[Dataset section]

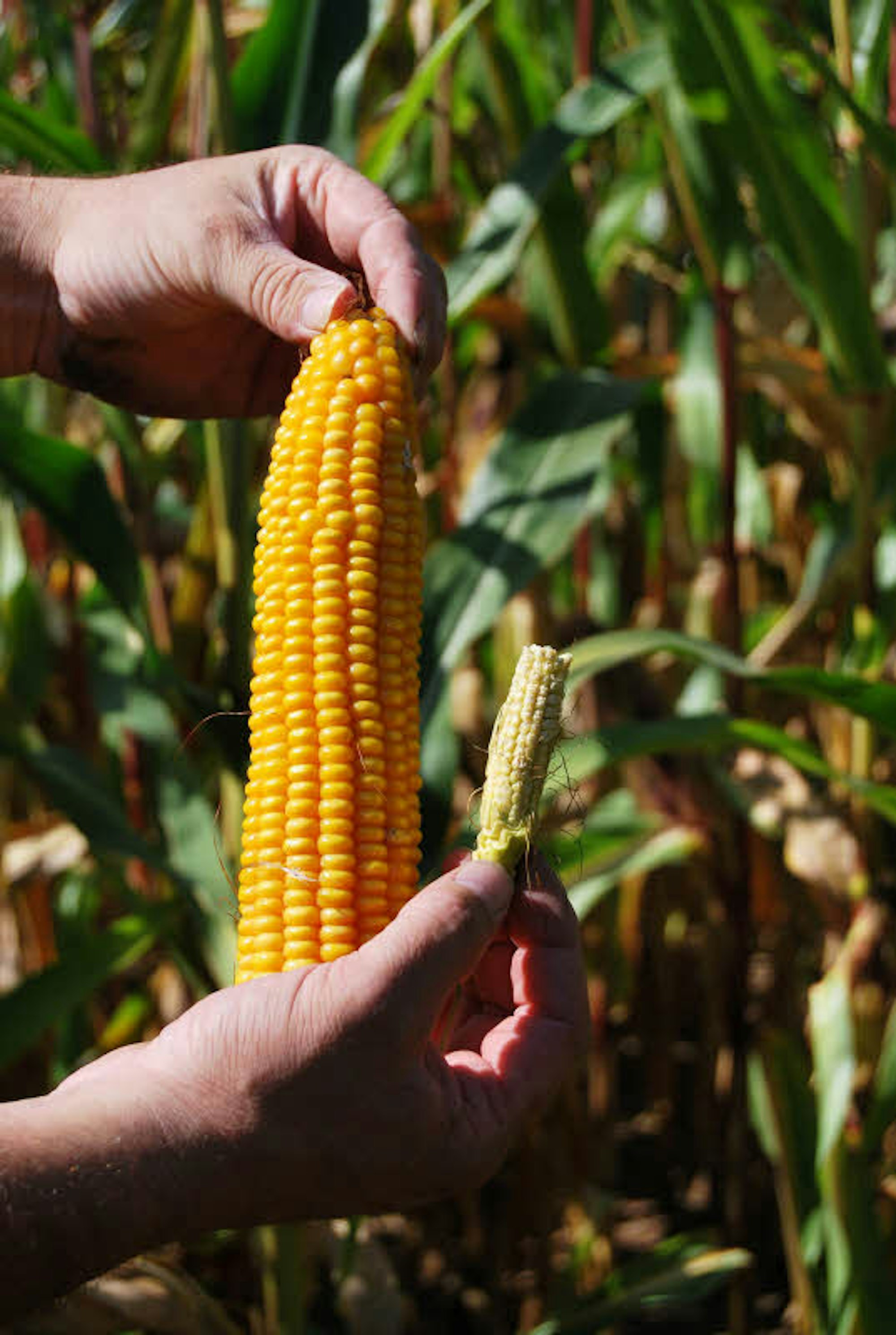 Allerdings sind – wegen der uneinheitlichen Bodenbeschaffenheit – die Unterschiede selbst auf dieser Parzelle eklatant: An einer Seite des Stücks sind goldgelbe Kolben in beachtlicher Größe gewachsen, am anderen Ende dagegen, nur gut 100 Meter weiter, nur winzig kleine Exemplare ohne ein einziges Korn.
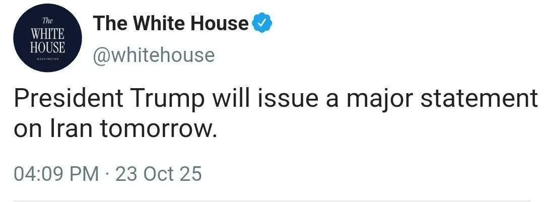برخی کانالهای تلگرامی با انتشار تصویر توییتی از اکانت کاخ سفید نوشتند: «کاخ سفید: ترامپ فردا بیانیه مهمی درباره ایران صادر خواهد کرد.»
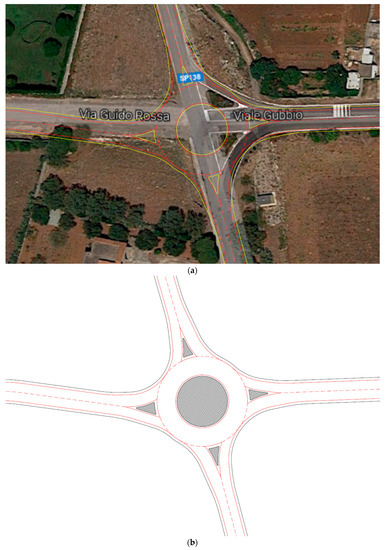 The survey reported flows of single unit or single trailer trucks, which required the study of their swept path envelopes, the larger of which due to 18 m long and 2.55 m wide vehicles. Moreover, the geometric configuration of the current junction and its comparison with the project (Figure 5a), its surrounding not-built area were additional constraints considered to design the counterclockwise roundabout (Figure 5b), according to the Italian standard for road intersection design [17].
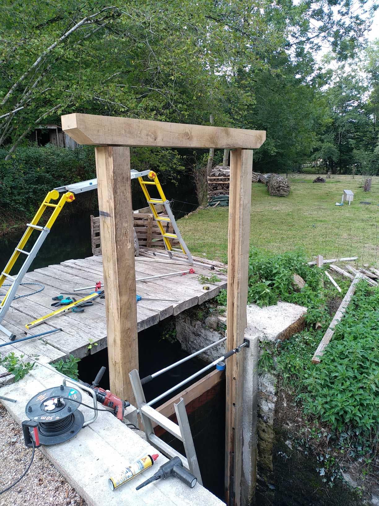 Une vanne de ruisseau en chêne

[/Dataset section]

**Exercise instructions**
Apart from the pictures, every line of the material above is to be returned word for word.

**Response box**
 Allerdings sind – wegen der uneinheitlichen Bodenbeschaffenheit – die Unterschiede selbst auf dieser Parzelle eklatant: An einer Seite des Stücks sind goldgelbe Kolben in beachtlicher Größe gewachsen, am anderen Ende dagegen, nur gut 100 Meter weiter, nur winzig kleine Exemplare ohne ein einziges Korn.
برخی کانالهای تلگرامی با انتشار تصویر توییتی از اکانت کاخ سفید نوشتند: «کاخ سفید: ترامپ فردا بیانیه مهمی درباره ایران صادر خواهد کرد.»
 The survey reported flows of single unit or single trailer trucks, which required the study of their swept path envelopes, the larger of which due to 18 m long and 2.55 m wide vehicles. Moreover, the geometric configuration of the current junction and its comparison with the project (Figure 5a), its surrounding not-built area were additional constraints considered to design the counterclockwise roundabout (Figure 5b), according to the Italian standard for road intersection design [17].
 Une vanne de ruisseau en chêne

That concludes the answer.